PROBLEM: Reproduce each line below precisely. Drop the pictures.

Items listed in a dataset
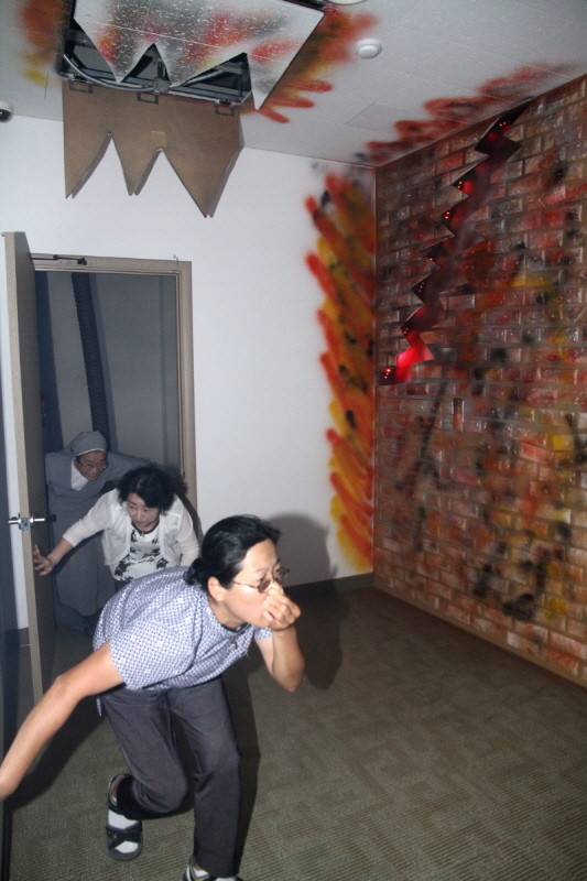 최근 은평소방서는 4층 대강당에서 지역내 67곳 노유자생활시설 관계자들이 참석한 가운데 안전관리 간담회를 가졌다. 사진은 간담회 후 참여자들이 열·연기 피난체험을 하는 모습.(사진제공=은평소방서)
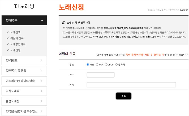 또한 TJ미디어 노래신청 할수도 있습니다.
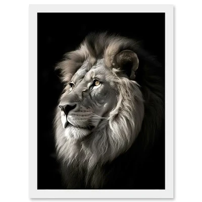 Artery8 Lion Head Portrait Dramatic Photograph Strong Leo Dark Atmospheric Light Artwork Framed Wall Art Print A4
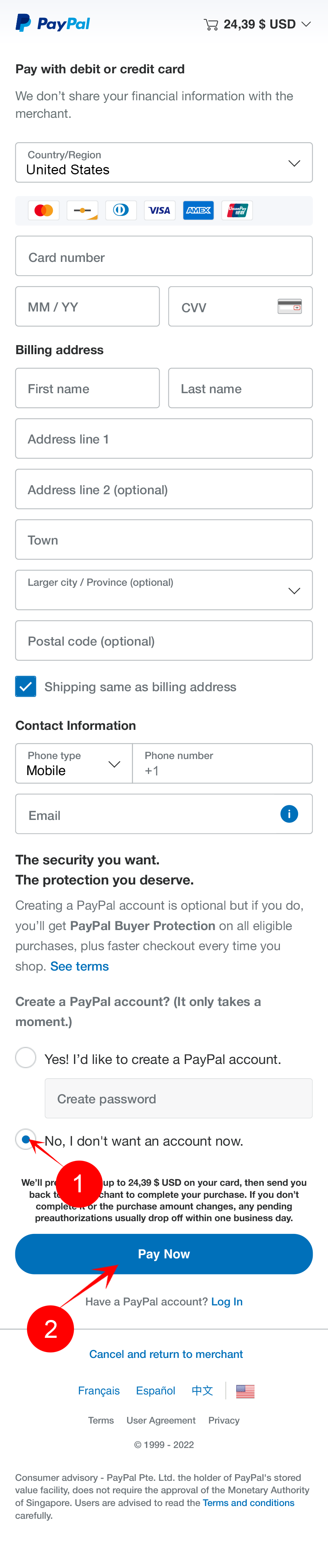 Review your order and info and click “Pay Now”
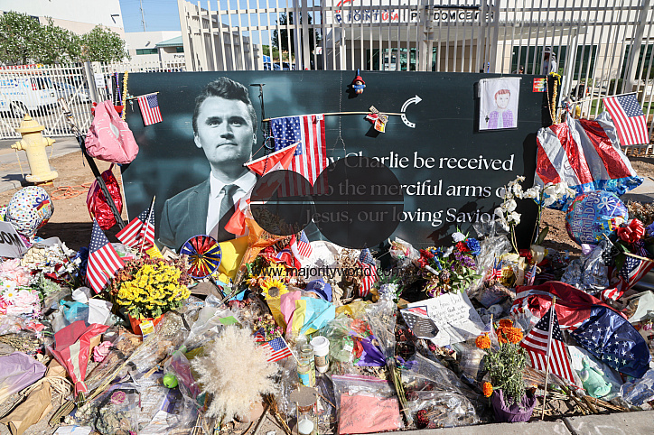 Supporters leave tributes for Charlie Kirk at Turning Point USA Headquarters in Phoenix, Arizona USA

ANSWER TO THIS PROBLEM:
 최근 은평소방서는 4층 대강당에서 지역내 67곳 노유자생활시설 관계자들이 참석한 가운데 안전관리 간담회를 가졌다. 사진은 간담회 후 참여자들이 열·연기 피난체험을 하는 모습.(사진제공=은평소방서)
 또한 TJ미디어 노래신청 할수도 있습니다.
 Artery8 Lion Head Portrait Dramatic Photograph Strong Leo Dark Atmospheric Light Artwork Framed Wall Art Print A4
 Review your order and info and click “Pay Now”
 Supporters leave tributes for Charlie Kirk at Turning Point USA Headquarters in Phoenix, Arizona USA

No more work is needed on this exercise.